202 F.3d 593, 2000 U.S. App. LEXIS 961, 2000 WL 85202
CourtCourt of Appeals for the Second Circuit
DecidedJanuary 26, 2000
Docket904, Docket 99-0129
StatusPublished
Cited by322 cases

This text of 202 F.3d 593 (Benjamin Cruz v. Giovanny Gomez, I/o and Classification Committee) is published on Counsel Stack Legal Research, covering Court of Appeals for the Second Circuit primary law.
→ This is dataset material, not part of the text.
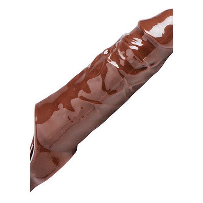 Manga extensora do pénis em TPR flexível que aumenta o comprimento, a circunferência e o prazer de ambos os parceiros.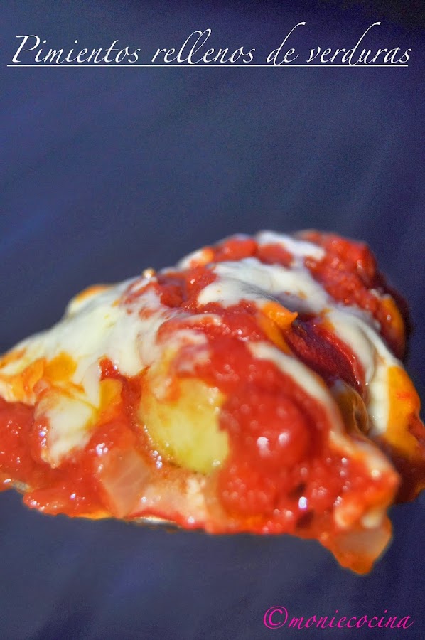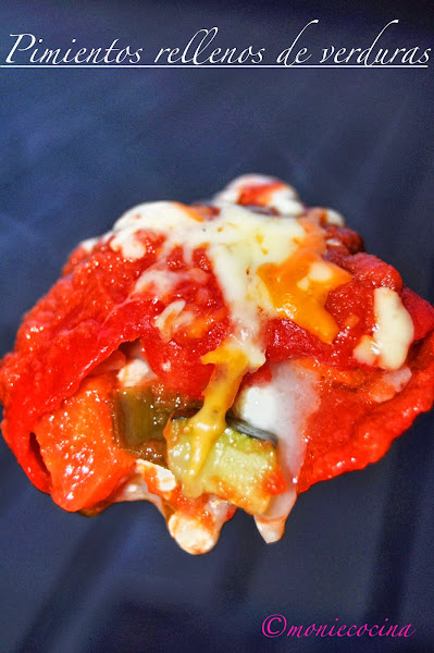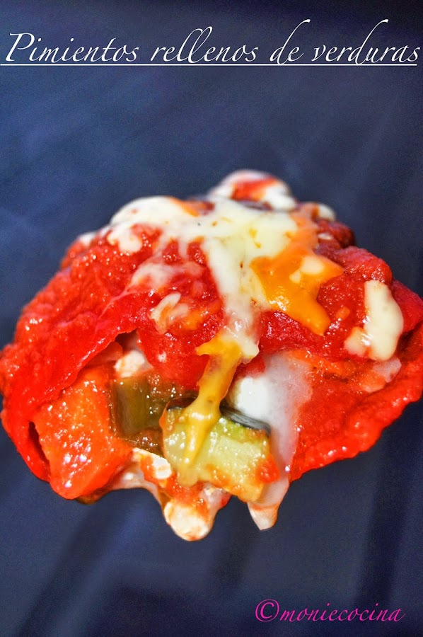 Rellenamos los pimientos hasta la mitad con las verduras, ponemos un trocito de queso de cabra y seguimos con más verduras hasta llenar el pimiento. Dejamos en una fuente apta para horno con una capa de tomate, colocamos todos los pimientos, espolvoreamos con queso para gratinar al gusto y horneamos 30 minutos a 180 grados.

Counsel Stack provides free access to over 12 million legal documents including statutes, case law, regulations, and constitutions.

Bluebook
Benjamin Cruz v. Giovanny Gomez, I/o and Classification Committee, 202 F.3d 593, 2000 U.S. App. LEXIS 961, 2000 WL 85202 (2d Cir. 2000).

Opinion

JACOBS, Circuit Judge:

Plaintiff-appellant Benjamin Cruz, pro se and incarcerated, appeals a judgment of the United States District Court for the District of Connecticut (Dorsey, J.) dismissing Cruz’s 42 U.S.C. § 1983 claim against certain prison officials. The district court sua sponte dismissed Cruz’s complaint for failure to state a claim on which relief could be granted pursuant to 28 U.S.C. § 1915(e)(2)(B)(ii). The complaint alleges that defendants-appellees Giovanny Gomez and the members of the Facility Classification Review Committee violated Cruz’s rights under the Double Jeopardy Clause and the Due Process Clause (as incorporated by the Fourteenth Amendment). On appeal, Cruz argues that the district court erred in dismissing the complaint insofar as it seeks to state a due process claim.

We vacate the district court’s dismissal of Cruz’s complaint and remand for further proceedings.

Background

A. Facts

For present purposes, the allegations of the complaint are assumed to be true.

Sometime prior to May 1998, Benjamin Cruz was placed in administrative segregation and close custody status at Northern Correctional Institution in Somers, Connecticut (“Northern”). Release to the general prison population from these restrictive housing programs is conditioned on the segregated prisoner’s completion of a three-phase reintegration program. An inmate who has received a Class A disciplinary report in the prior 120 days cannot move from phase one to phase two.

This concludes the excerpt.